その点は聖書は微妙であります。パウロはこういうのです。それは「高慢にならないように、わたしの肉体に一つのとげが与えられた。それは、高慢にならないように、わたしを打つサタンの使いなのである」というのです。「高慢にならないように」与えられた病であるならば、それはサタンが与えるはずはないのです。サタンはむしろパウロを高慢にするために働くはずだからであります。高慢にならないようにと与えたならば、それは神が与えたはずであります。ですから、ここではパウロはこの病がサタンが与えたに違いないのだが、その背後には神の意志が働いているのだ、神は自分の高慢をうちたたくために、サタンを使って病を自分に与えたのではないかと思っているということであります。それでパウロは三度も、何度も何度も主に祈った。なんと祈ったかといいますと、「彼を、つまり、サタンを離れさらせてください」と祈ったというのです。

少し理屈ぽいかもしれませんが、パウロは病気そのものを離れさせてくれ、つまり病気そのものをいやしてくださいと祈ったのではなく、その病気とともにまとわりついているサタンを離れさせてくださいと必死に祈ったというのです。
 その結果与えられた祈りの答えが、「わたしの恵みはあなたに対して十分である。
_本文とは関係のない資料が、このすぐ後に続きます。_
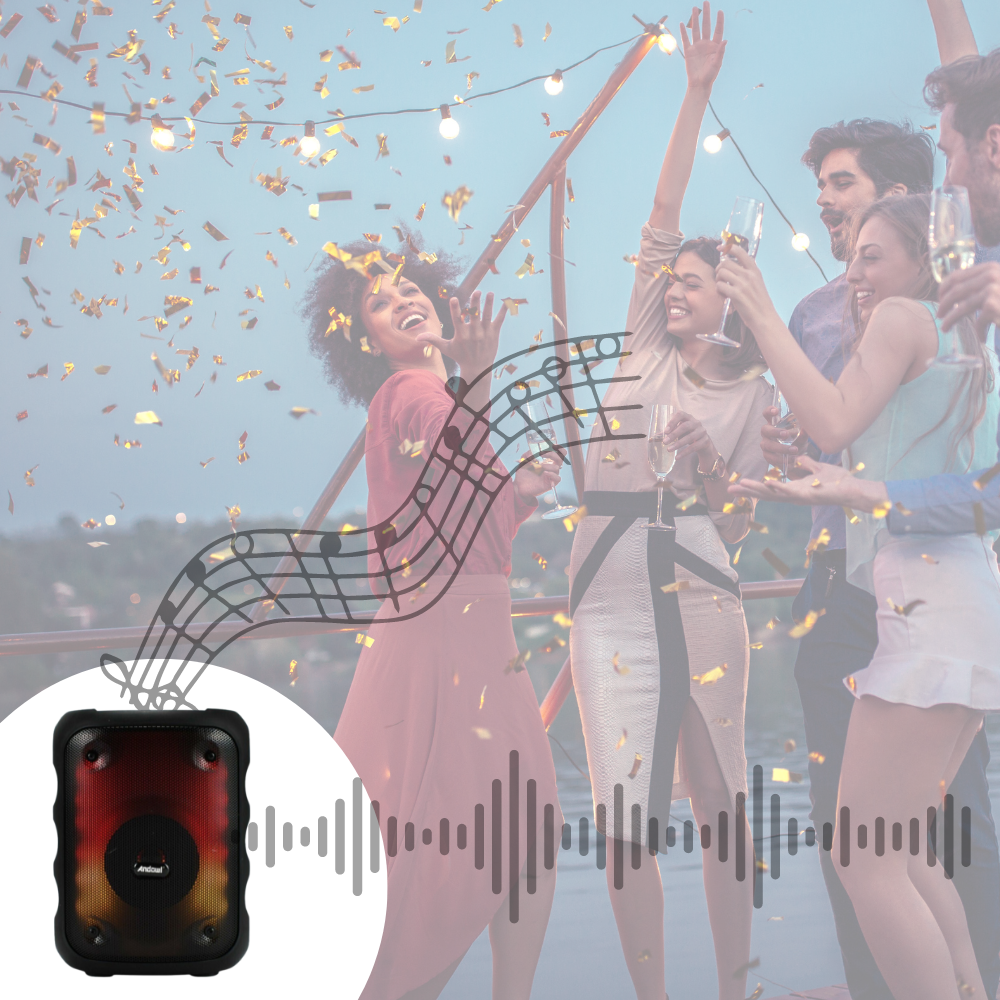 Goditi la tua musica ovunque con questa cassa speaker portatile 5W: compatta, potente e versatile. Dotata di connettività Bluetooth, radio FM e porte USB/SD/AUX, è perfetta per casa, campeggio, feste o in viaggio.

わたしの力は弱いところに完全にあらわれる」ということだったのであります。「弱いところ」というのは、パウロが今陥っている病気であります。だから病気のままでいいのだ、そこに神の力が十二分にあらわれるのだから、だから神の恵みは十二分にお前に注がれているというのであります。
 
そのようにして、パウロはこの病気を受け入れたのです。この病気をサタンの手からではなく、神の手から受け取り直すことができたのです。だからパウロは「キリストの力を宿るように、むしろ喜んで自分の弱さを誇ろう。わたしは弱い時にこそ強い」という信仰を与えられ、謙遜にさせられた、高慢という束縛から解放されたのであります。この時はパウロはからだの病からは解放されませんでした。病気そのものはいやされなかったのであります。しかし、パウロはこのからだの病を通して縛られていたサタンの束縛からは解放されたのであります。

 しかしこの十八年間も病で苦しんでいた女は、いっさいの束縛から解放されるべき安息日に、からだも魂もイエス・キリストによって解放されたのであります。われわれのからだも魂も、究極のところ決してDNAが支配しているのではなく、神が支配しておられることを信じたいと思います。

われわれのからだと魂を支配しておられるのは神だということが信じられる時に、それは一粒のからし種となって、空の鳥が宿るほどの大きな木になって、われわれを励まし、支えてくれるのであります。